哪怕晚上他能在她毫無意識地情況下與她肆無忌憚地親密,但在她意識清醒時,他卻永遠只能當她半路認回的弟弟。
未成年的,孩子。
他可以憑借弟弟的身份順利侵入她的生活,但想要進一步侵入她的心,他需要讓她意識到,他是一個男人,一個貨真價實的男人。
但他沒有想到的是她見到他身體時會是這樣一種奇怪的反應。
喬晤語盯著監控畫面中喬懷思臉上的無所適從以及通紅一片的耳朵,心中的猜想逐漸變得篤定。
不該是這樣。
他捂住臉,低笑出聲,被屏幕光線照亮的雙眼中涌動著翻騰的喜悅:“所以,我才是姐姐的第一個男人?”

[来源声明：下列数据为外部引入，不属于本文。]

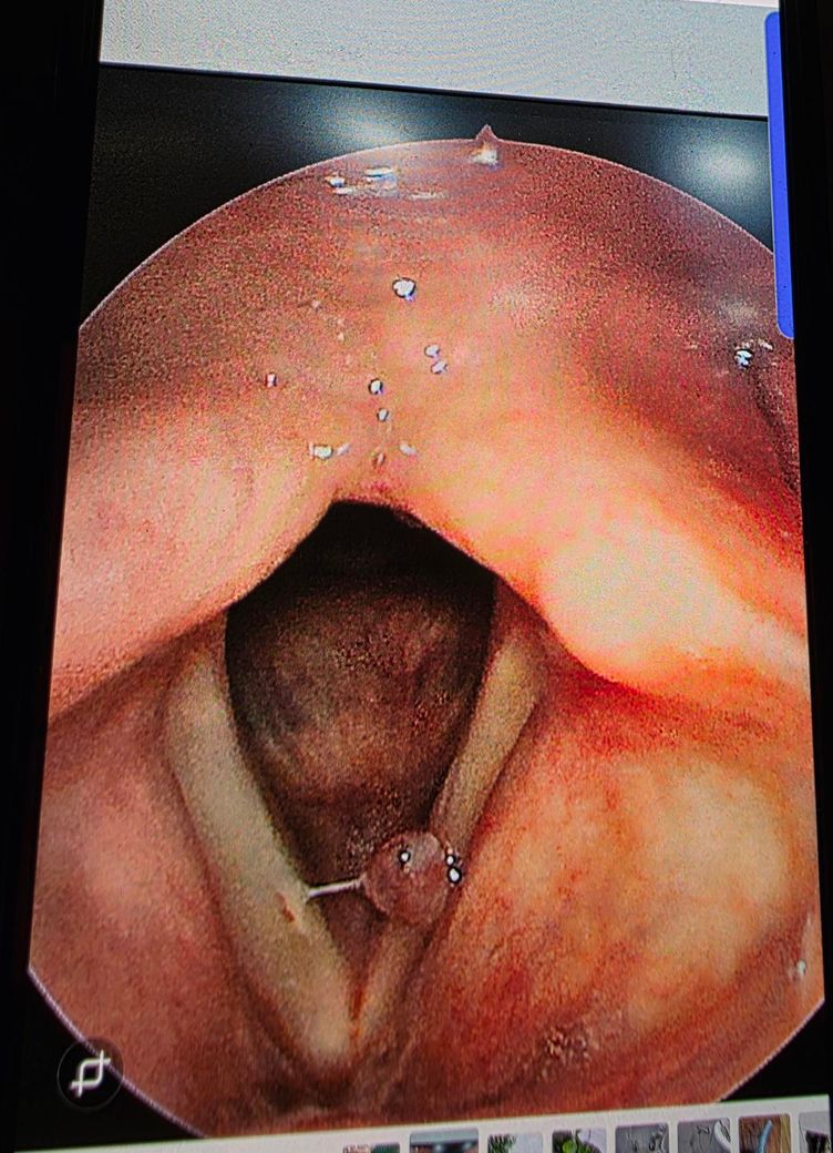 성대 결절이라고 불리는 병변인데 사진상 추정할 때 0.5c-1cm 정도의 크기로 보이며 표면 상피가 뷸균일하여 조직검사가 필요할 것으로 보입니다. 현재 사진만으로는 악성 여부를 알기는 어려워 예정된 대학병원 진료 후 조직검사 등 추가 검사를 해보시는 것을 권해드립니다. 답변이 도움이 되었기를 바랍니다.
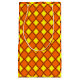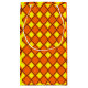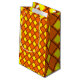 Esta bolsa de presentes tem um design de diamantes amarelo sólido de diamantes dentro marrom dos anos 70 em um campo de laranja.
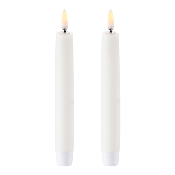 Nu behöver du inte längre oroa dig över om du har glömt att släcka ljuset. Med Piffany Copenhagens batteridrivna kronljus från serien Uyuni får du en mycket verklighetstrogen känsla av levande ljus. Ljusen är beklädda med äkta vax och tack vare den patenterade 3D lågan ger de ett fladdrande sken och varierar i ljusstyrka precis som en äkta låga. Du skapar samma mysiga stämning som med tända ljus samt med fördelen att du också slipper rök och partiklar av sot och kemikalier som frigörs vid användning av traditionella ljus. Kombinera gärna med andra ljus från serien Uyuni som finns i flera olika storlekar och utföranden.
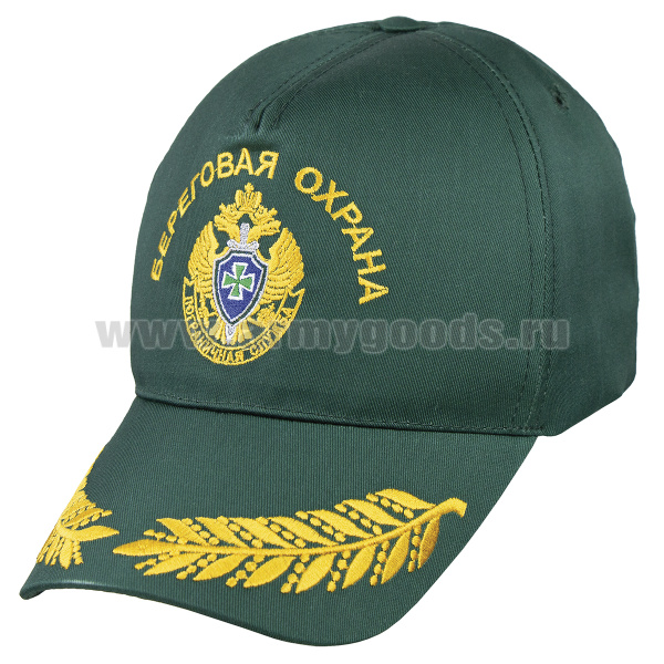 Бейсболка зеленая вышитая Береговая охрана Пограничная служба (с орлом ПС)

他像是被天降的餡餅砸得暈頭轉向的幸運兒,渾身血液都恨不得燃燒起來。
他并不在意喬懷思過往有多少情史,男人也好,女人也罷,他只要最后的贏家是自己就心滿意足。但,如果當真如他猜想,他簡直要樂瘋了。
他已經迫不及待想要去和姐姐分享他的喜悅了。
……
喬懷思感覺自己像被困在某個熱得發燙的柔軟牢籠,綁縛感讓她有些呼吸困難。
她張開嘴,希望借此來幫助自己呼吸順暢,某個柔軟的東西卻像蛇一樣侵入了自己的嘴里,濕熱靈活地挑動著她因為困頓而反應遲緩的舌頭,攪得她嘴里不斷地分泌出唾液。
她甚至能夠感覺到過多的唾液就要沿著唇角淌下,她下意識閉上了嘴,也含住了還在她嘴里作祟的濕熱柔軟。
入侵者好像被嚇住了,乖乖伏著不再動彈,她吞咽了嘴里充盈的唾液,被擠壓的入侵者又蛇一樣地溜了出去。
終于清靜了。
但綁縛感卻越發強烈。
她像是被貼到一處墻壁,只是這墻壁是軟的、熱的,有種讓她安心的氣息。
細微的癢意從耳后和腰間同步蔓延開來,她的耳朵被裹進某處濕熱空間,那根剛剛被她從嘴里驅逐出去的柔軟又開始試圖游進她的耳朵里。
她皺了皺眉,搖了搖頭想要擺脫這怪異的癢,卻完全沒有辦法。
更過分的是貼著腰間下行的那股癢意,它一路順著她大腿來到膝蓋。她隱約感覺到身上被剝掉了什么,而膝蓋已經被人抬高搭到了某處。
這種莫名熟悉的感覺是什么?
貼在她腿心嫩肉摩挲的滾燙是什么?
它一次次地碾開那兩片捍衛秘道的花瓣,不規則的凸起擦著她脆弱的蕊珠,緩慢地喚醒著她身體里與它相熟的熱意。